Anyway, basically, i'm not supposed to get myself upset or stressed or tensed or i'll get another one of those attacks again. And i hate them coz its getting worse lately. And it's taking longer to recover from. And it makes me super weak. Lung function test next week. Then we'll see how it goes. Should've asked for anxiety pills or sleeping pills.

I feel the need for LOTSA fun. Chalet fun or just doing fun stuff with frens and having loads of laugh. Need to laugh. I miss the fun we used to have...the whole NFE gang.

Happy thoughts....happy thoughts....

posted at 6:49 PM | comments (0)
Monday, September 07, 2009




Sooo.... I think i pretty much have all of that =/
ECG end of the month it is.

posted at 5:14 PM | comments (0)
Wednesday, August 05, 2009

I feel so lifeless. . . . . . . . .

posted at 10:38 AM | comments (0)
Wednesday, July 29, 2009

I've been so busy with work and trying to squeeze in time to rest after work and exploring my new blackberry that i havent had the time to write about my advanced birthday party that my sweet sweet dinosaw planned for me! :)

I gotta say, he did a really good job at surprising me.
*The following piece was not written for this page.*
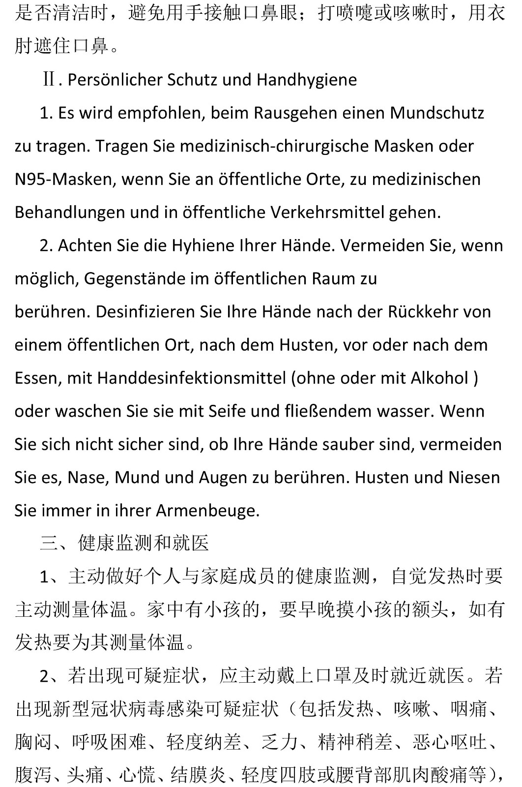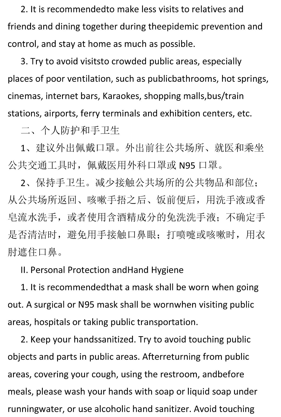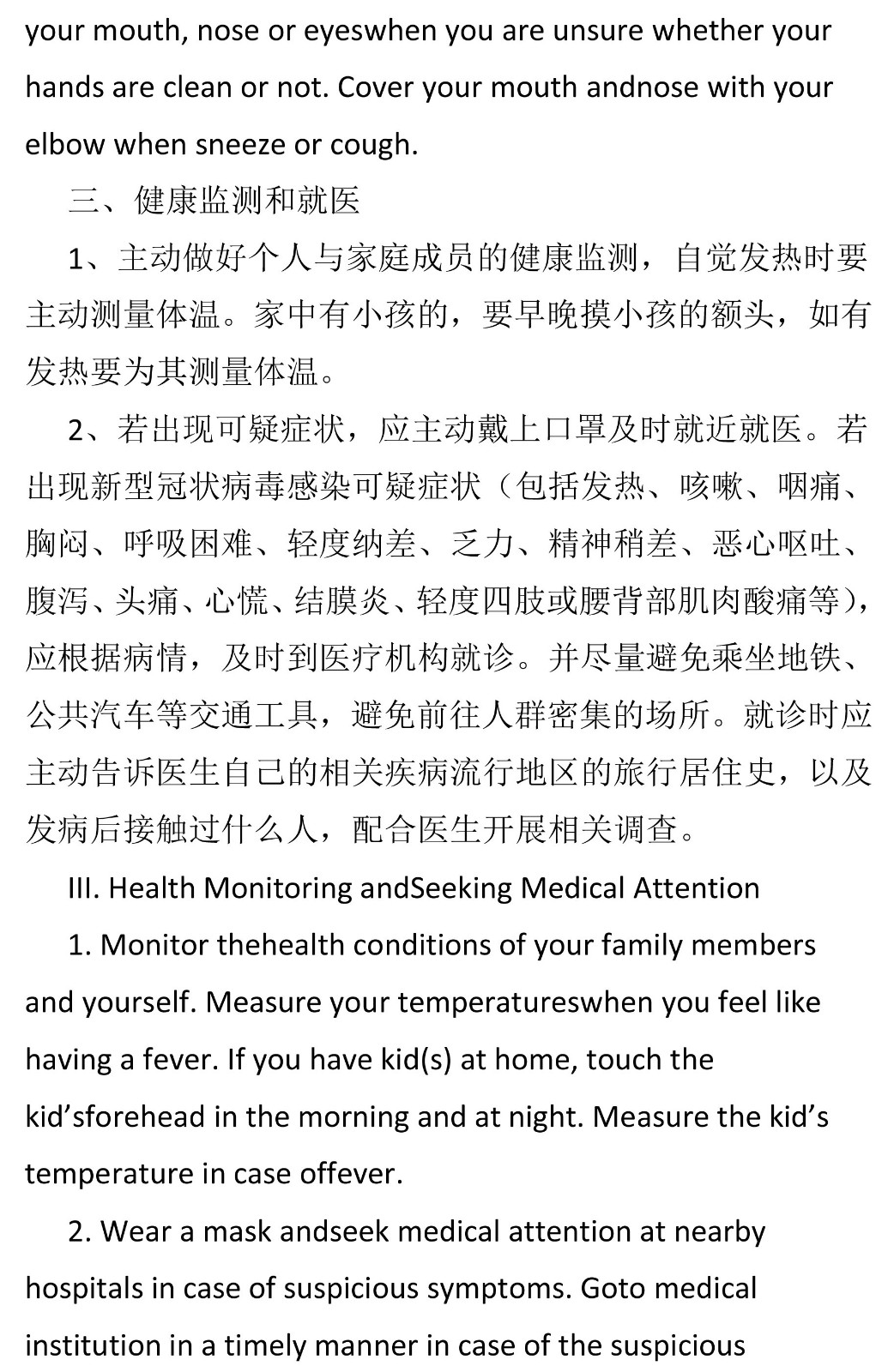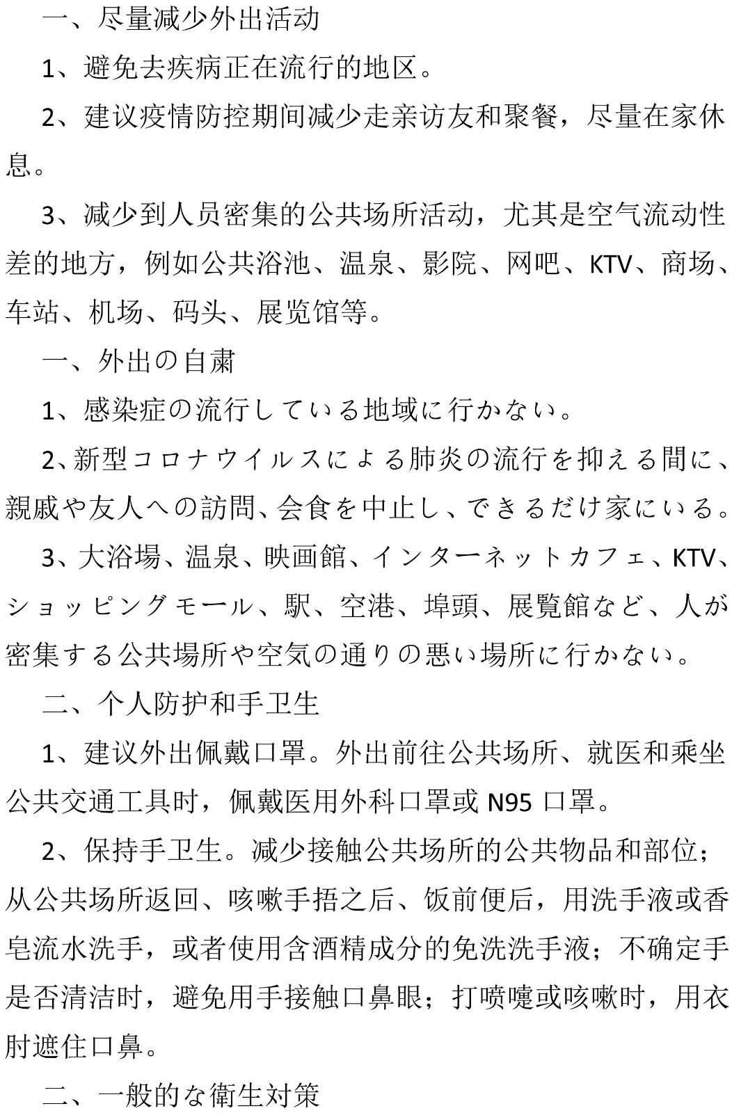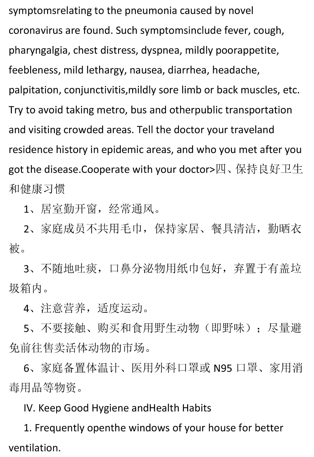 新型冠状病毒预防提示(中英、中日、中韩、中俄、中法、中德对照)

Coz i seriously, honestly, did not see it coming AT ALL. Until we reached the bbq pit. Haha. I was still in a daze on monday. I kept staring at the blackberry and touching it just to be sure that it really is mine. I love him sooo much!!
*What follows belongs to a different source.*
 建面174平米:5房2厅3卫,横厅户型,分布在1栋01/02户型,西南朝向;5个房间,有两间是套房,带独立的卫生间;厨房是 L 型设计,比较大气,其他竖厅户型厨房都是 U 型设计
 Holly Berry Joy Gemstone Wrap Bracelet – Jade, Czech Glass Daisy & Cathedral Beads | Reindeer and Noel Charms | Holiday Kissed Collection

posted at 3:10 PM | comments (0)
Tuesday, June 30, 2009

Things to do:
  1. Get a haircut
  2. Get a freakin chequebook
  3. Go to Daiso/Spotlight/Ikea to get the necessary stuff
  4. Dress up more office-ish for work
  5. Buy more shoes! Hoho

posted at 7:44 PM | comments (0)
Monday, June 29, 2009

Seychelles has such pretty shoes..

On Zappos.com
On Shoes.com

Please let me get a better job so i can buy them

posted at 2:16 PM | comments (0)
Sunday, June 21, 2009

The next pair of shoes i'd love to get would probably be this...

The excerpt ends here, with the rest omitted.